Ok, if you haven’t scrolled down and read my happy thought post (“The one thing…”), do it now.  Now’s a good time to hang on to your own happy thoughts too.  Put the liquor away and hide all the sharp objects.  Because just in case you haven’t noticed, the news kind of sucks.  I wouldn’t do this to you unless I thought it was really important that you know this stuff.

First there’s the stock market.  Isn’t that good news, you ask?  After all, it had a big rise, and as I write this, is up a little bit.  I think you want to take a look a Ilargi’s post from Wednesday over at the Automatic Earth, though. His case is that this isn’t good news at all:

Wherever I look this morning, Asia, Europe, Wall Street, I see journalists and analysts claim that bargain hunters are causing the rising stock prices. They’re not. There is something different going on.Prices these days fall when and because large investors need to sell assets in order to get cash. Prices rise when large investors need to cover their shorts.

The investors involved in both cases are largely identical, though not entirely. It’s important to understand that while, obviously, price drops cause loss of capital, price rises are now the result of the same. Everybody still tries to hide their losses, but it’s getting much harder. That’s what happens in casino’s: there comes a point where you have to show your hand. And when things get bad, sometimes you have to show both.”

Understanding that the rallies are as much a part of the disaster as the crashes is counter-intuitive, but I think it is also important.  In the same sense, my own case is that the bailout money (which is reaching banks this week) is actually bad for us - not just because it is our money and indentures our kids, but more importantly, in a very direct way.

 Then there’s Karl Denninger’s latest piece, which besides some probably intelligent advice, includes something I hadn’t realized - the fact that if you accept a deal to “save” your home by using a refinance, you probably will be signing up for permanent debt-slavery.  I think it is really important that this information get out, since almost no one I’ve talked to realizes this - that you could be on the hook for your house FOREVER - whether you get to live in it or not.    Please pass that information along to all of your friends and neighbors and anyone else who might get hooked from a bank’s “kindness.”

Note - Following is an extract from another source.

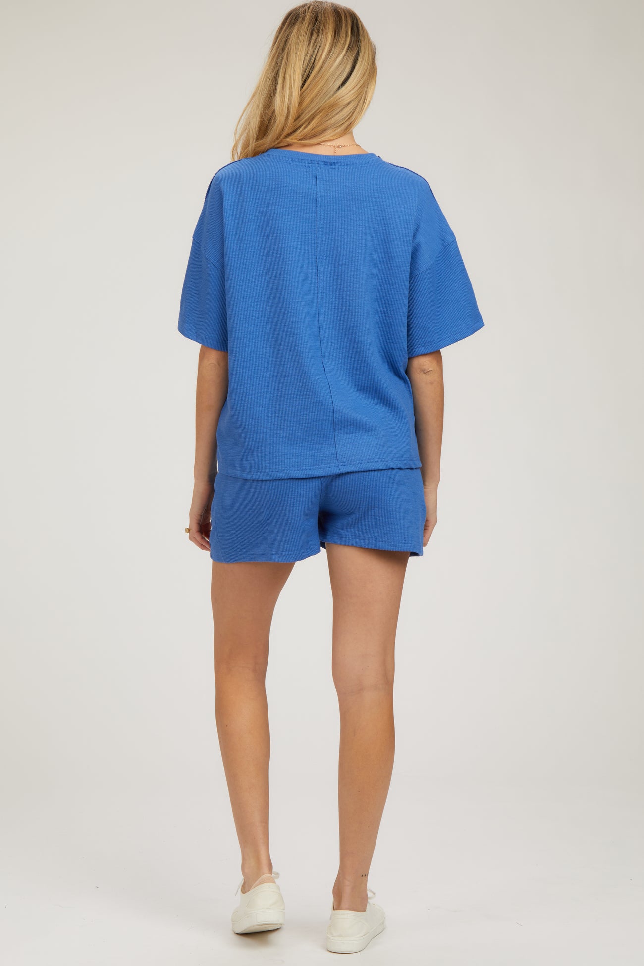 Blue Ribbed Short Sleeve Maternity Short Set

“See, a refinance, which this is, converts your mortgage into a recourse loan. That means if you take their “great deal” and then default later on (e.g. you lose your job in the upcoming Depression) your wages can be garnished forever and, if you earn more than the median income, you can’t even get rid of the debt in bankruptcy.”

Emo Phillips once joked that he was pretty sure the guy hammering on his roof was sending the message that he was a paranoid little weirdo in morse code to him.  Now I realize seeing bad guys everywhere makes you seem nuts, but quite honestly, I’m going to go out on a limb here and say that it really pretty much does seem to be the case that nearly everything the government or corporations say they will do to help you is just another way of raping and pillaging.  Better be paranoid than be screwed yet another way from Sunday.

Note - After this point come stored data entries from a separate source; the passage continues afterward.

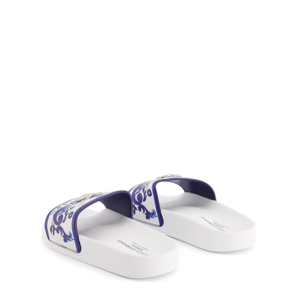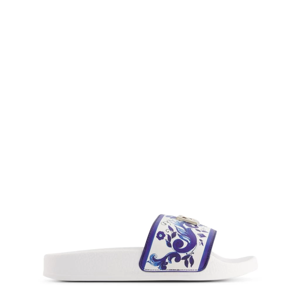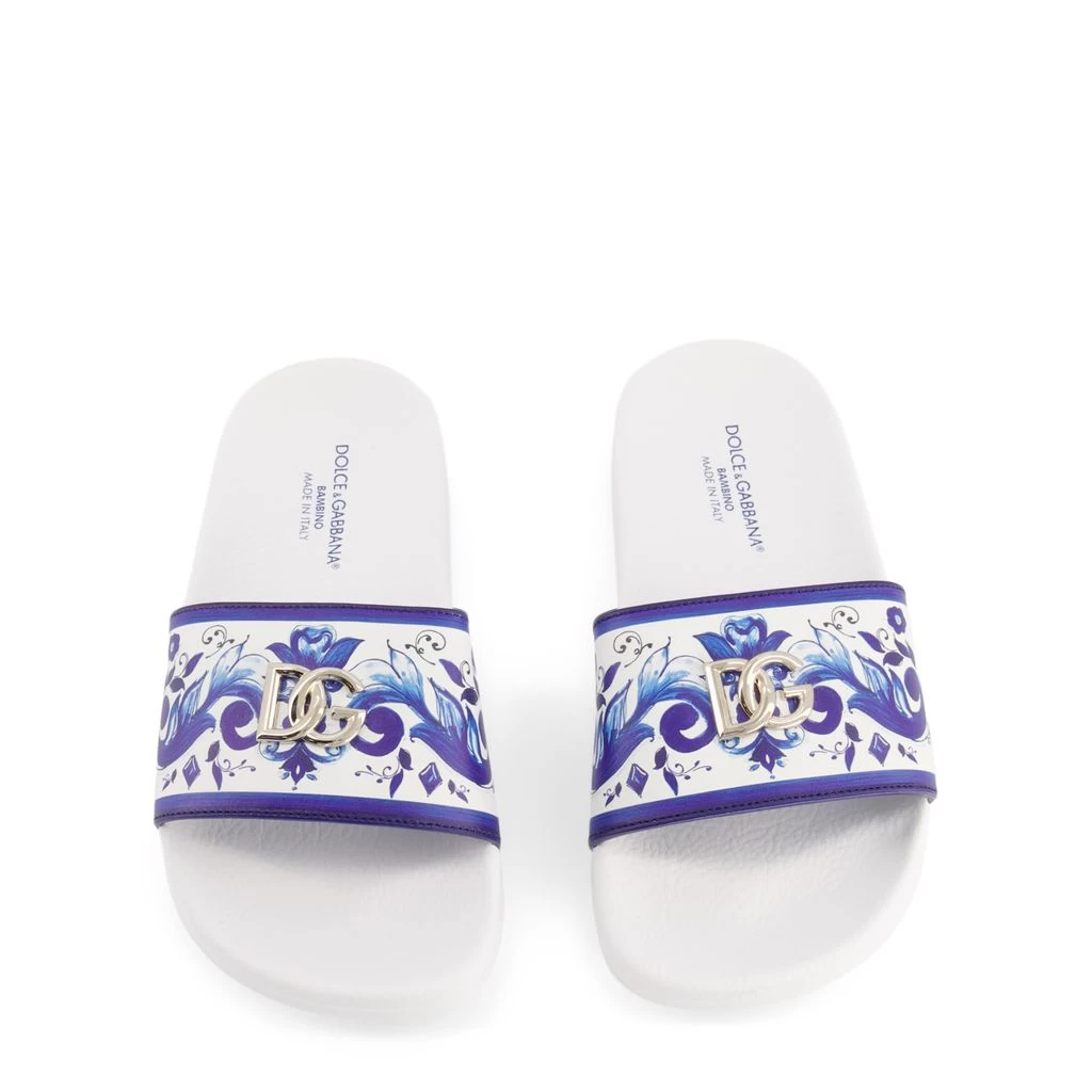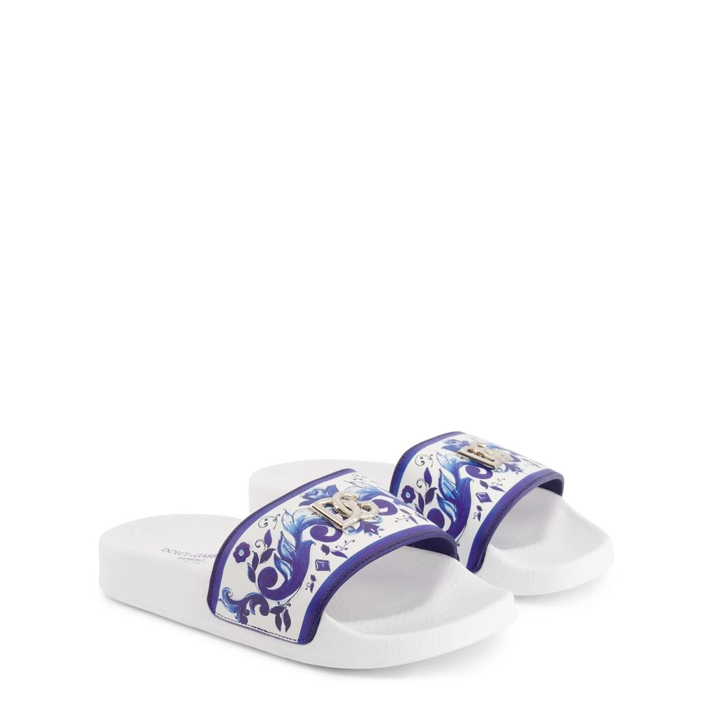Enjoy the day in style. Blue slide sandals by Dolce & Gabbana. The slide sandals are made in Italy and have branding on the front.
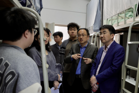 学院领导刘海山、陈海强、古维、娄卓男及辅导员一行深入学生宿舍区,先后走访了聚翰斋、乔相阁、红豆斋等宿舍。在走访过程中,他们细心询问同学们的假期生活,关注大家新学期学习状态,耐心叮嘱大家注意宿舍内务卫生和日常用电安全,并特别提醒同学们要劳逸结合,关注身心健康。
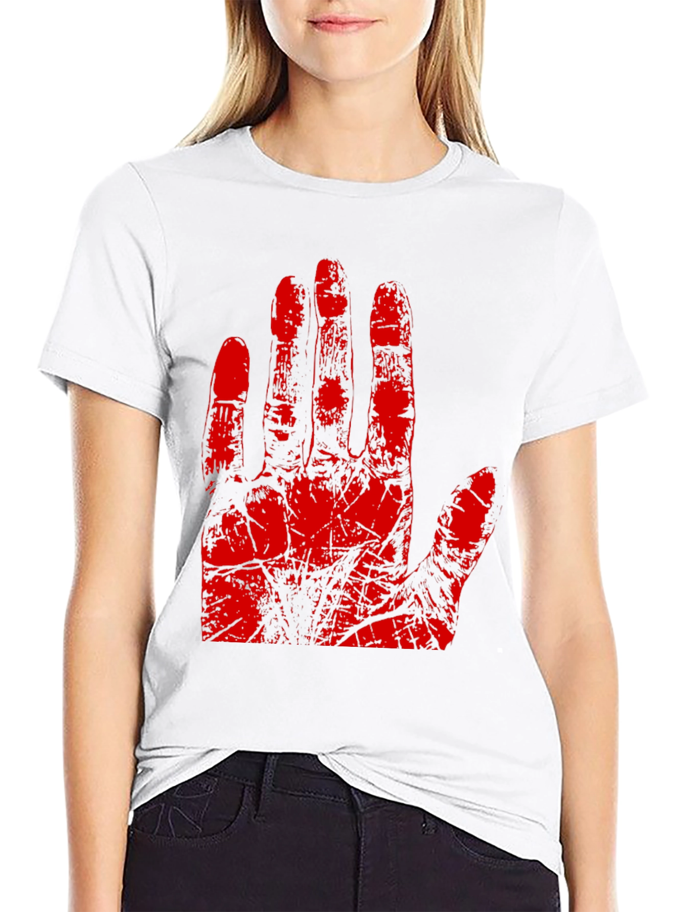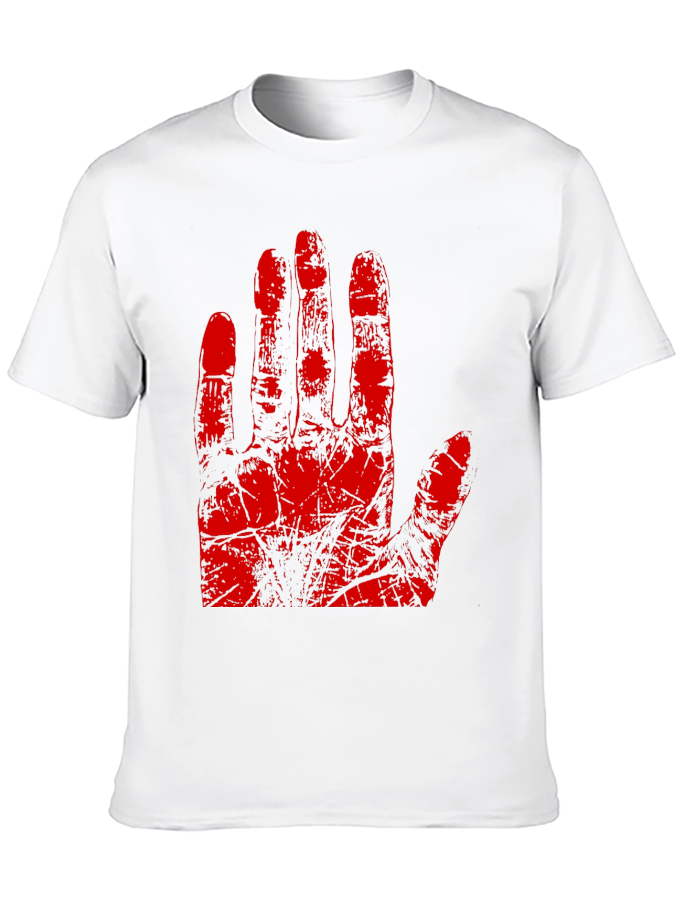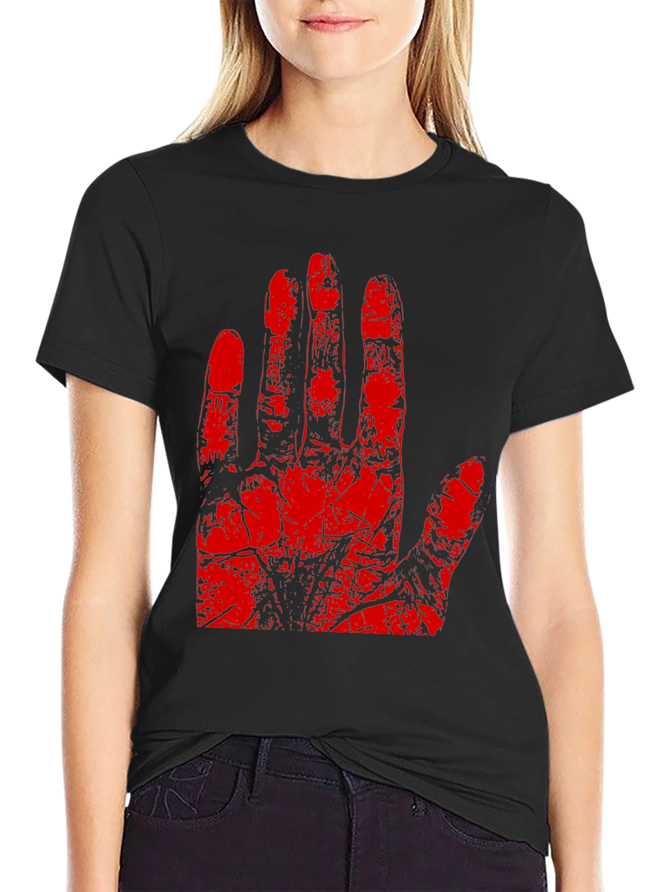 This bold black t-shirt features a striking red hand print design. The graphic is distressed, giving it a unique, edgy look. Crafted from soft cotton, this tee offers comfort and breathability, perfect for everyday wear. The eye-catching design makes a statement, ideal for casual outings or expressing your individual style. Pair it with jeans, shorts, or layer it under a jacket for versatile styling options. This graphic tee is a must-have for those who want to stand out from the crowd.

Ok, all that is just a little bit bad.  The really bad news of the day isn’t about the economy at all. It is that levels of methane in the atmosphere rose dramatically in 2007 - and no one has any idea.  All the theories are pretty damned horrible though.  If this trend continues, we are in serious trouble - and the more so since the economy threatens to drive climate off the front burner altogether.  Finding out why right quick should be on the front agenda - but is unlikely to get there.

“Methane, the primary component of natural gas, has more than doubled in the atmosphere since pre-industrial times, but stayed largely stable over the last decade or so before rising in 2007, researchers said on Wednesday.

This stability led scientists to believe that the emissions of methane, from natural sources like cows, sheep and wetlands, as well as from human activities like coal and gas production, were balanced by the destruction of methane in the atmosphere.

But that balance was upset starting early last year, releasing millions of metric tonnes more methane into the air, the scientists wrote in the Geophysical Research Letters.”

Ok, all this sucks.  And there’s certainly plenty of lesser bad news out there - like the fact that farmers are having trouble getting credit to plant wheat, or the growth in joblessness.  And in a sense it doesn’t change anything - we still need to start working on our informal economy jobs, on growing food locally, or having a reserve.  We still need to consolidate with family and yell and scream at injustice.  But depressing as it is, knowing what is happening is valuable to - we can’t respond, we can’t even hope to respond, without knowing.  Maybe our response won’t be enough - but we can and must try.

Ok, that said, the pep talk does sound kinda stupid.  So instead of leaving you with hope, I leave you with Monty Python

“Whenever life gets you down, Mrs. Brown/And things seem hard or tough…

And people are stupid, obnoxious or daft/And you feel that you’ve had quite enough… 

Just remember that you’re standing on a planet that’s evolving
And revolving at nine hundred miles an hour,
That’s orbiting at nineteen miles a second, so it’s reckoned,
A sun that is the source of all our power.
The sun and you and me and all the stars that we can see
Are moving at a million miles a day
In an outer spiral arm, at forty thousand miles an hour,
Of the galaxy we call the ‘Milky Way’.
Our galaxy itself contains a hundred billion stars.
It’s a hundred thousand light years side to side.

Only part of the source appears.